Chapter 78
The gravity hit like a punch to the lungs. I remember Raditz collapsing first, his taller frame slamming into mud that smelled like rust and rotting fruit. My own legs buckled under the unfamiliar weight, knees sinking into earth so soft compared to Vegeta's iron-hard crust. Only Bardock stood straight-backed, scanning the horizon through broken scouter lenses while Kakarot rolled in the muck, giggling as it stained his pod-burned skin.
Somewhere in the dripping jungle, something screeched—not a battle cry, but the terrified sound of prey. Bardock's head snapped toward it, his nostrils flaring at the scent of something weaker. The first raindrops hit like warm spit against my cheek when he finally spoke: "We rebuild." Not a suggestion. A sentence.
Raditz opened his mouth—probably to whine—but froze when Bardock's tail lashed out to point at the smoking crater where our pod had landed. Among the twisted metal, Mother's severed hand still twitched, fingers curling like a dying spider. I watched understanding dawn in Raditz's eyes moments before Bardock crushed it under his boot with a wet pop. The message was clearer than any speech: Saiyans don't mourn. We conquer.

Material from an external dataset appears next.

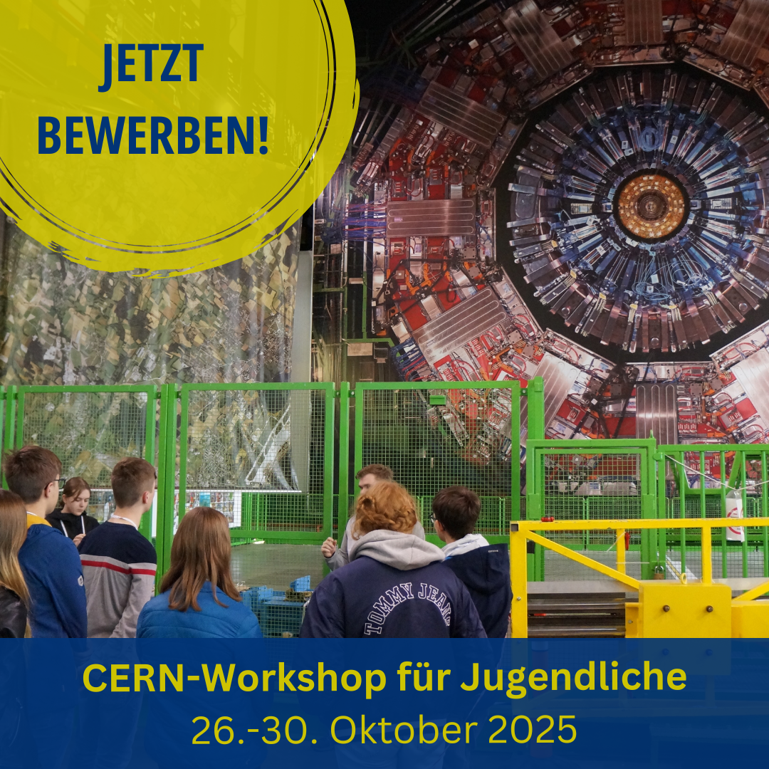 Endlich ist es wieder so weit: Vom 26. bis 30. Oktober 2025 findet unser nächster CERN-Workshop statt. Innerhalb von vier Tage am größten Teilchenbeschleuniger der Welt wird den Teilnehmer:innen ein spannendes und abwechslungsreiches Programm geboten: Neben Besichtigungen von Experimenten sowie Vorlesungen zu Elementarteilchenphysik stehen Aktivitäten im Schülerlabor und eine Erkundungstour durch Genf auf dem Programm. Zudem werden Wissenschaftler:innen aus dem Forschungsalltag und über den neuesten Stand der Teilchenphysik berichten. Dabei gibt es genügend Möglichkeiten, Fragen aller Art zu stellen und mehr über Physik sowie den Alltag am CERN zu erfahren.

Kakarot giggled again, smearing mud across his broken ribs. I envied his ignorance, the way toddlers can turn suffering into play. My own legs burned from the unfamiliar gravity, but I bit my tongue until copper flooded my mouth, refusing to be the weak link. Something moved in the canopy above us—too fast for my untrained eyes to track—but Bardock's fist shot out and came back dripping with purple viscera. He tossed the still-twitching creature at my feet. "First meal," he grunted. Its six eyes blinked at me in staggered terror.

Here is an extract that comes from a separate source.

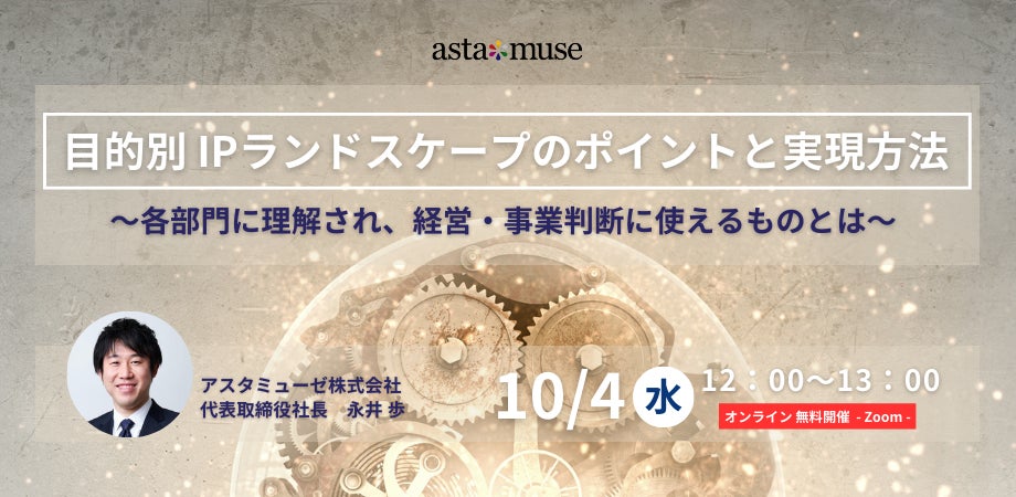 アスタミューゼ株式会社(本社:東京都千代田区、代表取締役社長 永井歩)は、2023年10月4日(水)12:00~13:00に、事業会社の知財担当者、R&D部門の方々を対象とした無料ウェビナー「目的別IPランドスケープのポイントと実現方法 ~各部門に理解され、経営・事業判断に使えるものとは~」を開催いたします。過去複数回実施しておりますが、大変好評のため再度の開催となります。

The rain thickened, turning the mud to slurry that sucked at my ankles. Raditz was already tearing into the creature with his teeth, but I hesitated, watching its mandibles click uselessly against the air. Mother used to cook our kills with ki-blasts until the skins crackled. My stomach twisted, not from hunger but from understanding: survival here would taste different.
Bardock's shadow fell over me as he ripped the creature from my hands. "Weakness dies first," he said, and I saw my reflection in his scouter's cracked lens—tiny, muddy, and terrifyingly alive. Beyond him, the jungle pulsed with unseen movement. Not prey. Not yet. But something learning the scent of Saiyan blood.
Kakarot's giggles turned to choked coughing as he inhaled rain. Raditz wiped his mouth with the back of his hand, smearing purple ichor across his cheek. "They'll send retrieval teams," he said, but his voice cracked on the last word. Bardock's silence was answer enough. No one was coming for the family of a failed prophet.
The storm peeled back a layer of clouds, revealing twin moons streaked with volcanic ash. I counted twelve heartbeats before the first howl erupted from the valley below—long, undulating, and wrong. Not an animal. Not a machine. Something that had learned to mimic both. Bardock's tail stiffened against my thigh. "Up," he ordered, and for the first time, I heard it: the faintest tremor beneath his growl.
When I turned, I saw why. The mud where Mother's hand had been was boiling. Tiny black tendrils erupted from the ground, knitting together into shapes that almost resembled fingers. Kakarot clapped his hands with delight. Raditz vomited. And Bardock? He smiled. Because Saiyans don't mourn. But we do burn things. His palm glowed red in the downpour.
The creature—no, the planet itself—shuddered as Bardock's ki blast ignited the corrupted soil. The explosion sent us skidding backward, but I caught the scent before the flames hit: ozone and something sweetly rotten, like fruit left to ferment in a warrior's boot. The jungle screamed. Not in pain. In
recognition.
Kakarot was the first to notice the trees moving. Not swaying—stepping. Roots pulled free of the mud with wet sucking sounds, forming crude legs as bark split vertically to reveal amber eyes. Raditz's tail puffed to twice its size. "Fuck," he breathed. Even Bardock adjusted his stance. Because this? This was new.
The nearest tree lunged. I smelled its breath—moss and old blood—before Bardock's fist cratered its face. Splinters rained down like shrapnel. One embedded in my thigh. I yanked it free and licked the sap off: bitter, with a metallic aftertaste. Not sap. Not wood. The planet was learning. And so were we.